The fear: Builders of foundation models, data centers, and semiconductors plan to pour trillions of dollars into infrastructure, operations, and each other. Frenzied stock investors are running up their share prices. But so far the path to sustainable returns is far from clear. Bankers and economists warn that the AI industry looks increasingly like a bubble that’s fit to burst.

 

Horror stories: Construction of AI data centers is propping up the economy and AI trading is propping up the stock market in ways that parallel prior tech bubbles such as the dot-com boom of the late 1990s. If bubbles are marked by a steady rise in asset prices driven by rampant speculation, this moment fits the bill.

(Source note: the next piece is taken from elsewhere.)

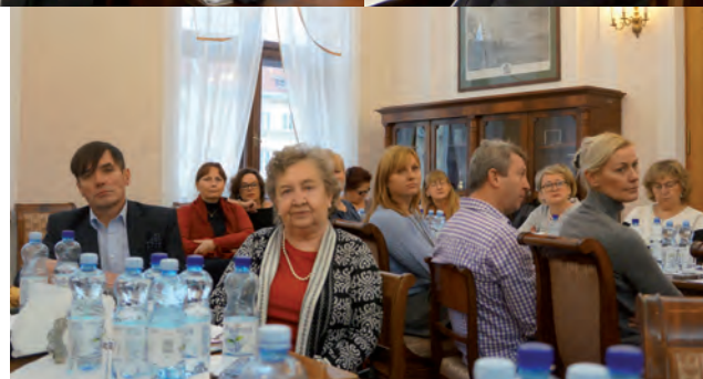
Prezesi organizacji Zrzeszenia Organizacji Polonijnych w Szwecji podczas obrad i konferencji w Sali Kominkowej w siedzibie Stowarzyszenia Wspólnota Polska w Warszawie.

  • The S&P 500 index of the 500 largest public companies in the U.S. might as well be called the AI 5. A handful of tech stocks account for 75 percent of the index’s returns since ChatGPT’s launch in 2022, according to the investment bank UBS. Nvidia alone is worth 8 percent of the index (although, to be fair, that company posted a whopping $46.7 billion in revenue last quarter). “The risk of a sharp market correction has increased,” the Bank of England warned this month.
  • In September, OpenAI outlined a plan to build data centers around the world that is estimated to cost $1 trillion. The company, which has yet to turn a profit, intends to build several giant data centers in the U.S. and satellites in Argentina, India, Norway, the United Arab Emirates, and the United Kingdom. To finance these plans, OpenAI and others are using complex financial instruments that may create risks that are hard to foresee — yet the pressure to keep investing is on.  Google CEO Sundar Pichai spoke for many AI executives when, during a call with investors last year, he said, “The risk of underinvesting is dramatically greater than the risk of overinvesting.”
  • Getting a return on such investments will require an estimated $2 trillion in annual AI revenue by 2030, according to consultants at Bain & Co. That’s greater than the combined 2024 revenue of Amazon, Apple, Alphabet, Microsoft, Meta and Nvidia. Speaking earlier this year at an event with Meta CEO Mark Zuckerberg, Microsoft CEO Sataya Nadella noted that productivity gains from electrification took 50 years to materialize. Zuckerberg replied, “Well, we’re all investing as if it’s not going to take 50 years, so I hope it doesn’t take 50 years.”
  • AI companies are both supplying and investing in each other, a pattern that has drawn comparisons to the dot-com era, when telecom companies loaned money to customers so they could buy equipment. Nvidia invested $100 billion in OpenAI and promised to supply chips for OpenAI’s data-center buildout. OpenAI meanwhile took a 10 percent stake in AMD and promised to pack data centers with its chips. Some observers argue that such deals look like mutual subsidies. “The AI industry is now buying its own revenue in circular fashion,” said Doug Kass, who runs a hedge fund called Seabreeze Partners.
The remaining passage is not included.